Hi, I’m a clinician out in America. I’ll be writing a series of essays about how capitalism makes my practice less effective, and my job suck overall. It’s an effort to analyze the internal dynamics of working in healthcare in America.
Upselling Health or "A Wealth of Care"
“Hey [patient name], one more thing I thought I'd mention. We can also set up a telehealth appointment, if you feel that would be beneficial. It'd be a good opportunity to touch base.”
I sit there in front of my computer, and I debate adding the last phase to the text message.
“Up to you.”
That one’s key, it’s the one I want to add because I want the patient to consider it, to develop an internal locus of control, a feeling that we’re working as partners, not that he’s coming to see a guru without whom he won’t heal. I sigh, look at my schedule in the upcoming week, see some openings that my boss wants filled, and leave it out.
I work in rehabilitation in a rural setting for a private clinic. It’s, frankly, not as bad as it could be. I see a moderate number of patients per day (but higher than most hospitals/non-profit settings). Some clinics are more like >20 patients per day on the 20 min. My schedule’s much more manageable. That said, the pressure to bill more units and patient visits that are wholly medically unnecessary is immense.
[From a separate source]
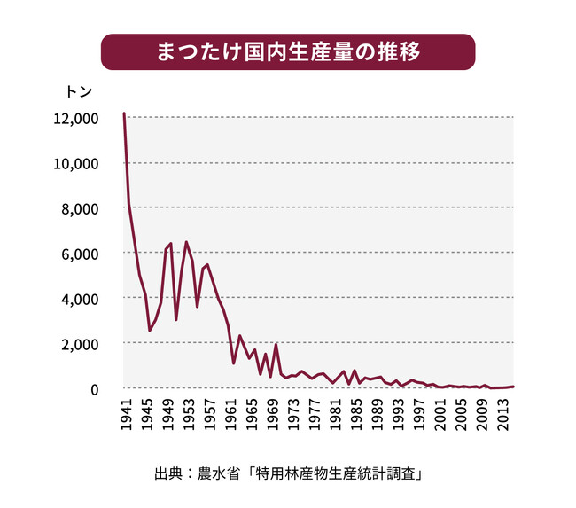 長い時間をかけて人々が自然と寄り添いながらつくりあげてきた里山が、まつたけが育つ好環境でしたが、里山が荒れてしまったことが主な原因で収穫量が大幅に減少しています。
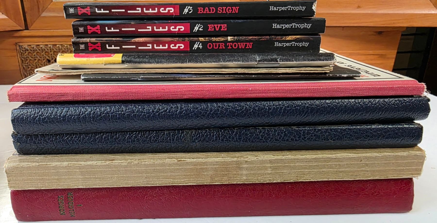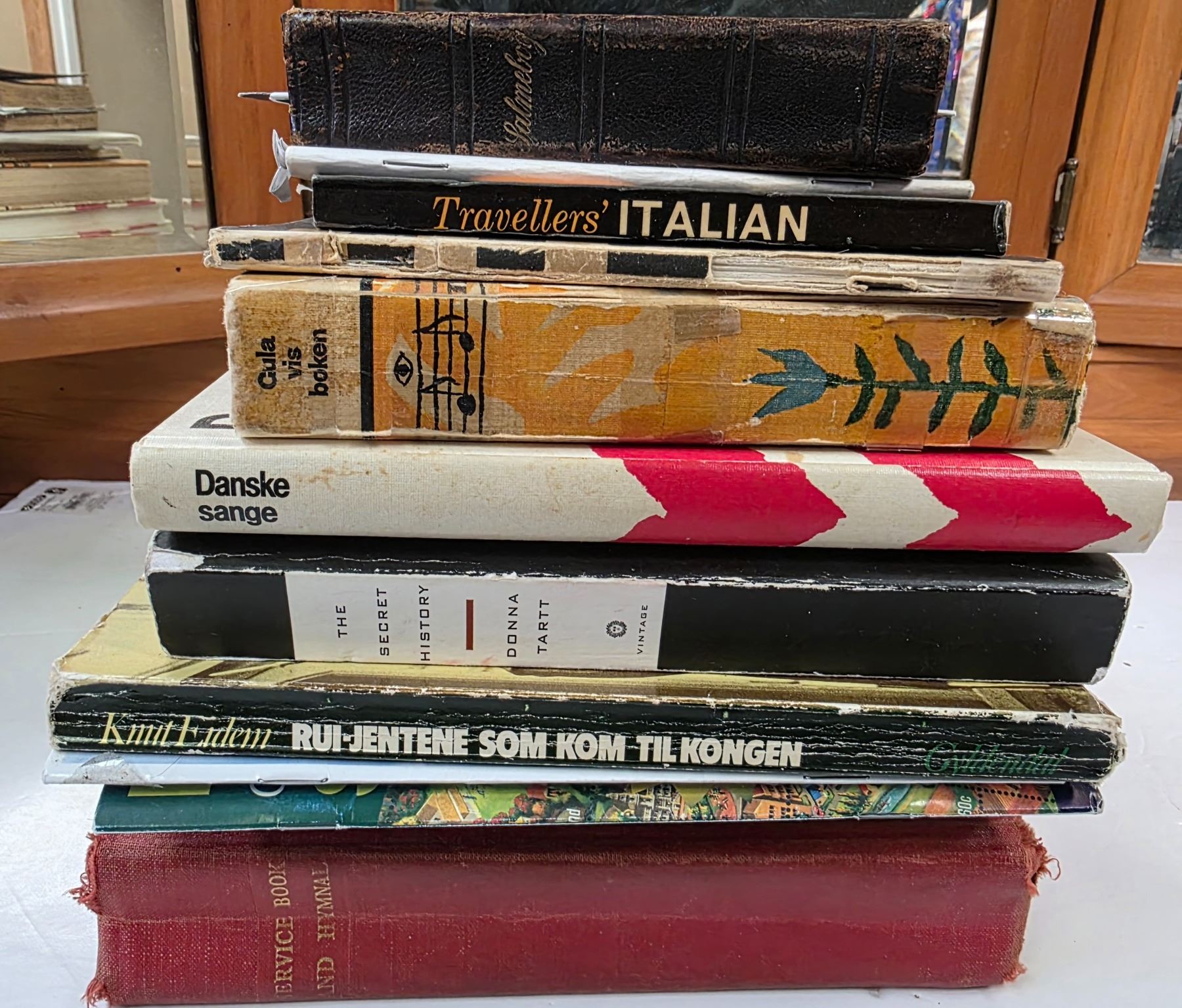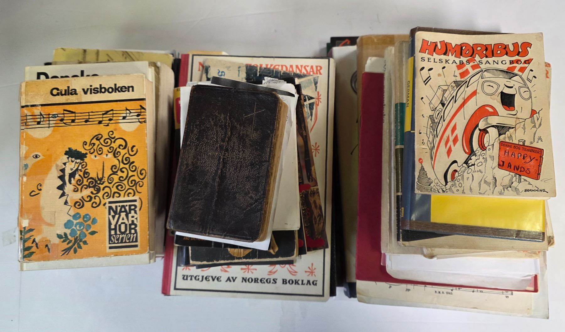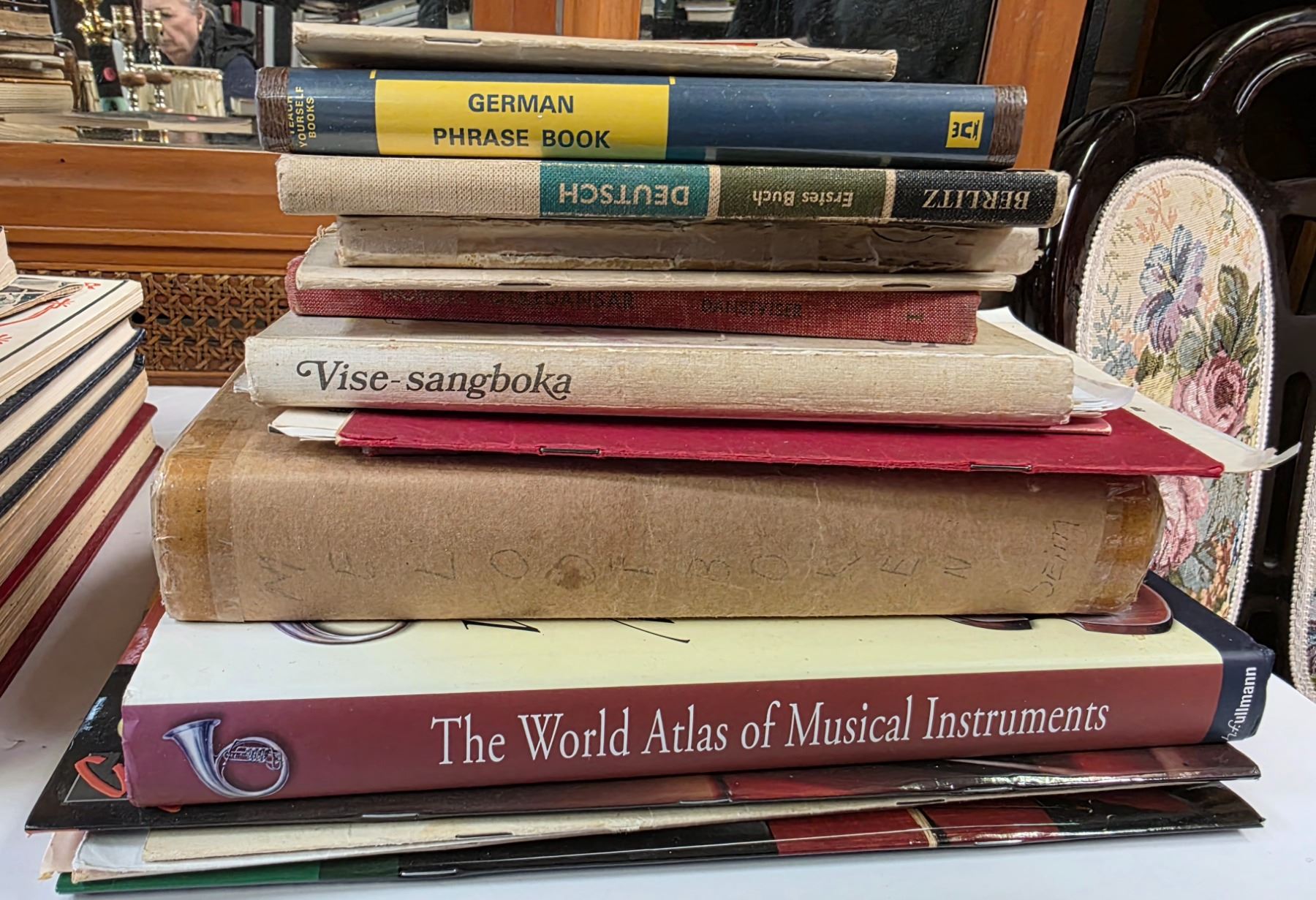 Violin Shoulder Rest, & 3 Stacks of Vintage Norwegian, German & Other Music Books and Novels

One place where this hits the road is scheduling appointments per week for a client. My boss expects me to push for 3 visits per week for 12 weeks for nearly every diagnosis. For a post operative patient, this makes sense. There’s lots of variables in play. Things to manage that are critical, like wounds, infection risk, and inflammation. There’s also rapid tissue remodeling, so tons of gains in function can be made in this period. Same goes for, say, a frail balance patient. They can need that many visits to address all the factors that can lead to a fall, optical prescription, inner ear dysfunction, strength, urinary incontinence, cognition, home setup, medication, etc, as well as practice balance exercises that are highly effective and too risky to do at home.
Your classic chronic low back pain? Fuck no. Maybe 2 visits per week for week or so, rapidly tapering. Why? Well, to be frank, chronic back pain takes time, and so it makes sense for visits to be spaced out once some progress is being made. Tons of visits close together won’t have much meaningful difference between them in terms of patient status, and won’t foster a sense that the patient is there to learn skills to take control of their condition. The patient associates you with their recovery, not their own effort and learning.
Obviously, in ideal communism, you should get care that meets you where you’re at, but the rehab lit supports that fostering patient independence is essential as well. The most effective regimes pair a supportive and available-if-necessary clinician who isn’t a guru, or a miracle worker, but kind of a teacher or (gulp) consultant. Someone who helps the patient develop skills to manage their own condition to meet the goals the patient wants, while providing the occasional skill that patient’s can’t do for themselves, as well as knowledge and perspective to help patients understand their condition.
It’s not uncommon for patients in my clinic to have been seen 50 times, 3x weekly, with little-to-no status change for something that should have taken less than 20 visits to resolve over the same period, just with some more spacing and occasionally periods of more frequent visits to manage flare-ups, but ultimately helping the patient get more independent and return to normal life.
So…after an evaluation or progress note, you kinda have to put the screws on people, kinda get them to buy in to the fact that you’re giving them something that they can’t get anywhere else, and that if they don’t come in all they time, they won’t progress. Essentially, you’re selling them a sense of powerlessness. This is profitable, sometimes extremely so. My boss likes to call this "providing a wealth of care."
The patient texts me back, he’s out of town and is not interested, but wants to come in after he's back. I breathe a sigh of relief, since I can at least tell my boss I tried.
If there's more interest in these, I'll keep going.